US 12,488,778 B2
	Normalizing flows with neural splines for high-quality speech synthesis
Kevin Shih, Cambridge, MA (US); José Rafael Valle Gomes da Costa, Berkeley, CA (US); Rohan Badlani, Santa Clara, CA (US); João Felipe Santos, Vancouver (CA); and Bryan Catanzaro, Los Altos Hills, CA (US)
Assigned to NVIDIA Corporation, Santa Clara, CA (US)
Filed by NVIDIA Corporation, Santa Clara, CA (US)
Filed on Jan. 20, 2023, as Appl. No. 18/099,840.
Claims priority of provisional application 63/392,406, filed on Jul. 26, 2022.
Prior Publication US 2024/0038212 A1, Feb. 1, 2024
Int. Cl. G10L 13/027 (2013.01); G10L 13/08 (2013.01); G10L 25/30 (2013.01)

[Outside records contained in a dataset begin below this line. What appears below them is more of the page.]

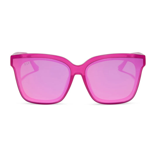 DIFF Eyewear - Meredith II - Bright Tulip Pink Mirror Sunglasses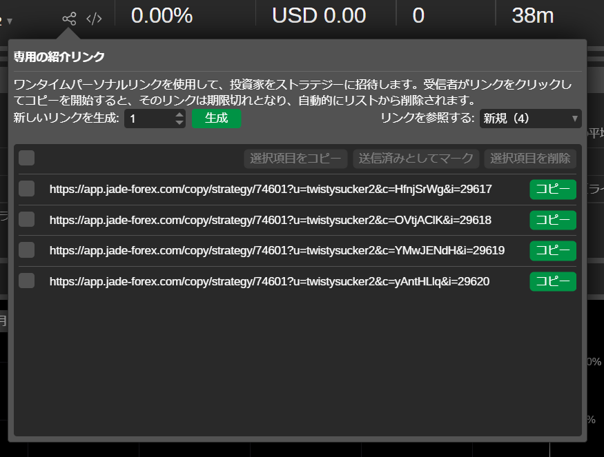 2.の場合では、一度限りのプライベートリンクを持つ人のみがストラテジーをフォローすることができます。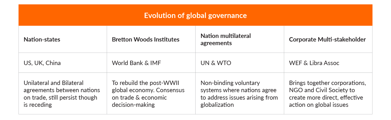 Facebook’s Libra Association has been the greatest attempt by an MNC to recreate the multi-stakeholder model in a consortium that if successful could become a ‘decentralized NGO’. However, as blockchain potentially enables new forms of decentralized organization and co-opetition between rival companies ‘decentralization’ could also be used as a veil to absolve companies from traditional liabilities, just as no one can be subpoenaed for the consequences of bitcoin or any other permissionless cryptocurrency.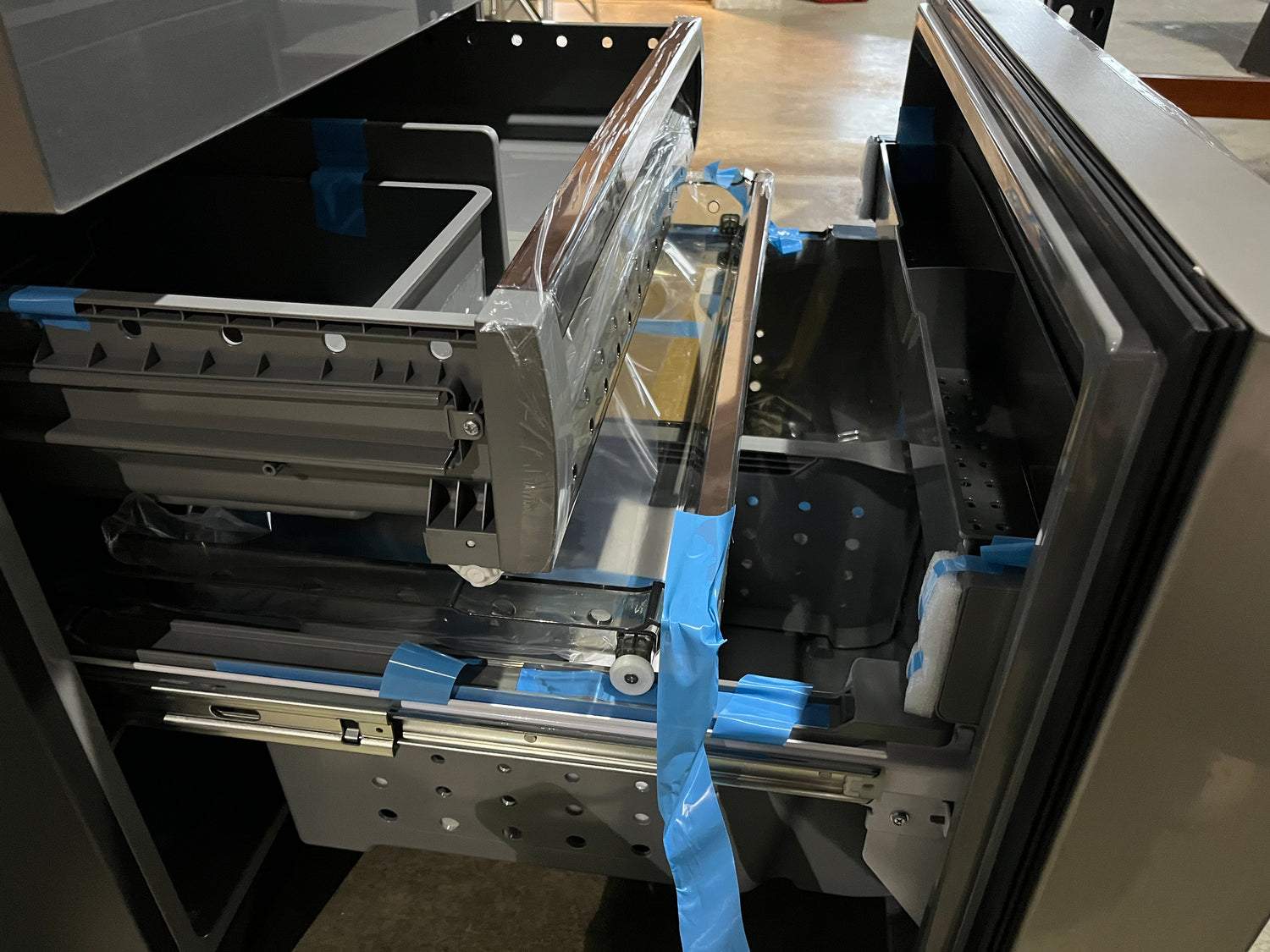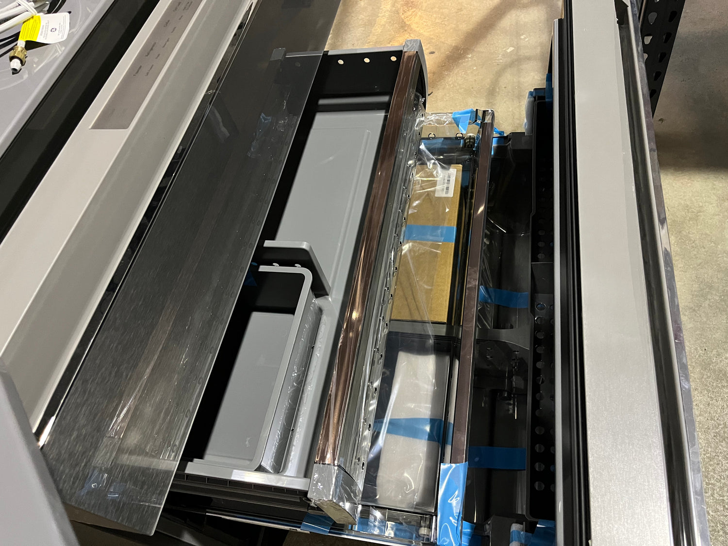 This stylish refrigerator convertible drawer features glass dividers for a clean, aesthetic storage solution that allows for simplified organization.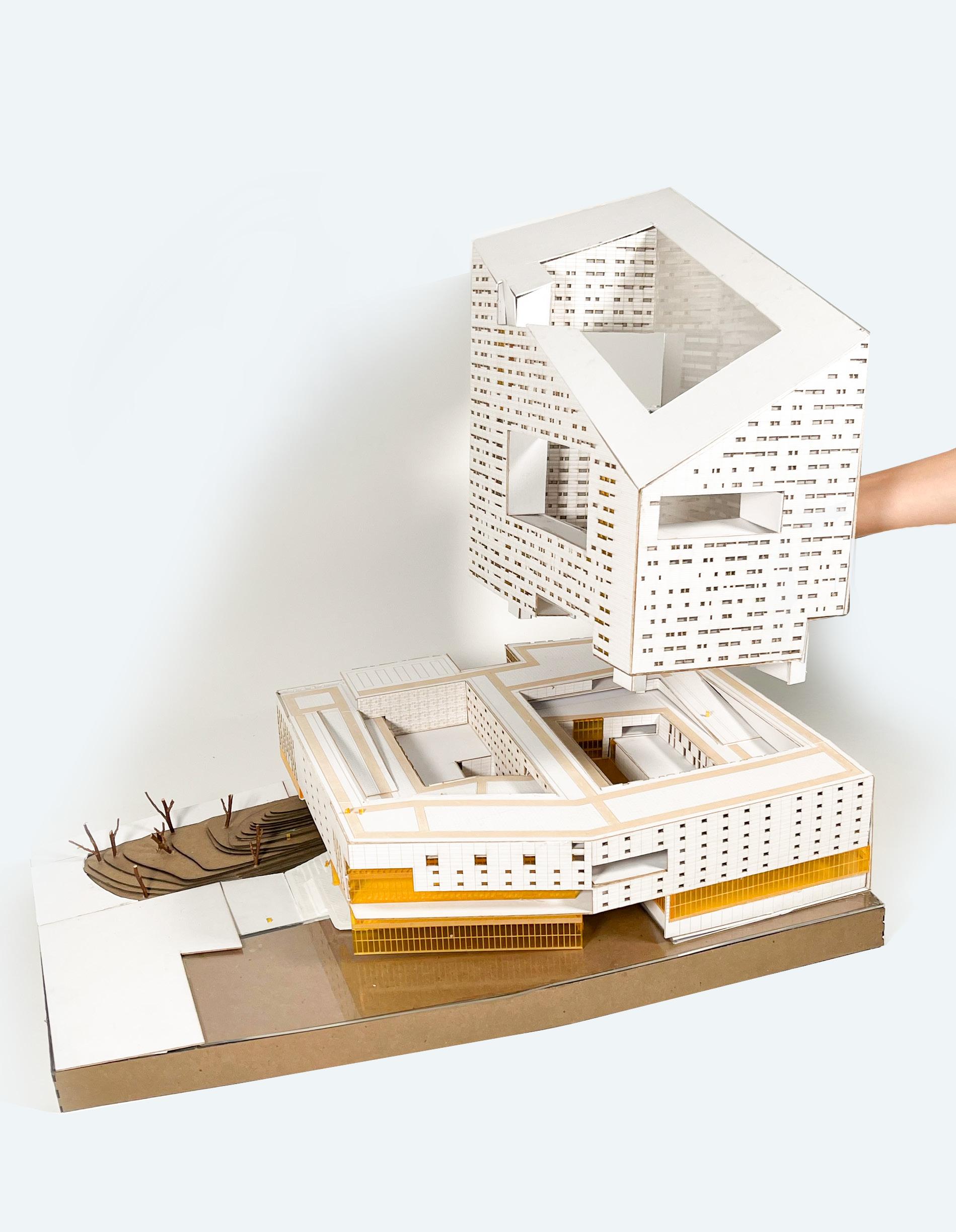 Modular and fractal ideas are being used to enable the building to build def iciently. Modular spaces are also created to be used either as offices, labs, or recreational public spaces.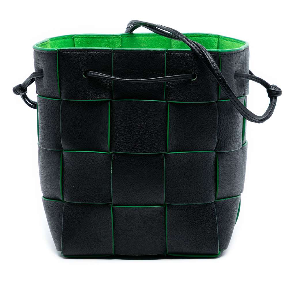 This bucket bag features a woven nappa leather body, a flat leather shoulder strap, and an open top with a drawstring closure.

CPC G10L 13/027 (2013.01) [G10L 13/08 (2013.01); G10L 25/30 (2013.01)]

19 Claims

1. A method to obtain a speech model, the method comprising:

filling, with synthetic values, one or more gaps in a time series of a speech characteristics (SC);

identifying, using one or more iterations, a mapping of the time series of the SC on a target distribution of a latent variable,

wherein each of the one or more iterations comprises a non-linear invertible transformation of at least a subset of the time series of the SC, and

wherein parameters of the non-linear invertible transformations are determined using a neural network that approximates a statistics of the time series of the SC with a statistics predicted for the SC based on the identified mapping and the target distribution of the latent variable; and

generating, using the identified mapping, a speech signal corresponding to an input text.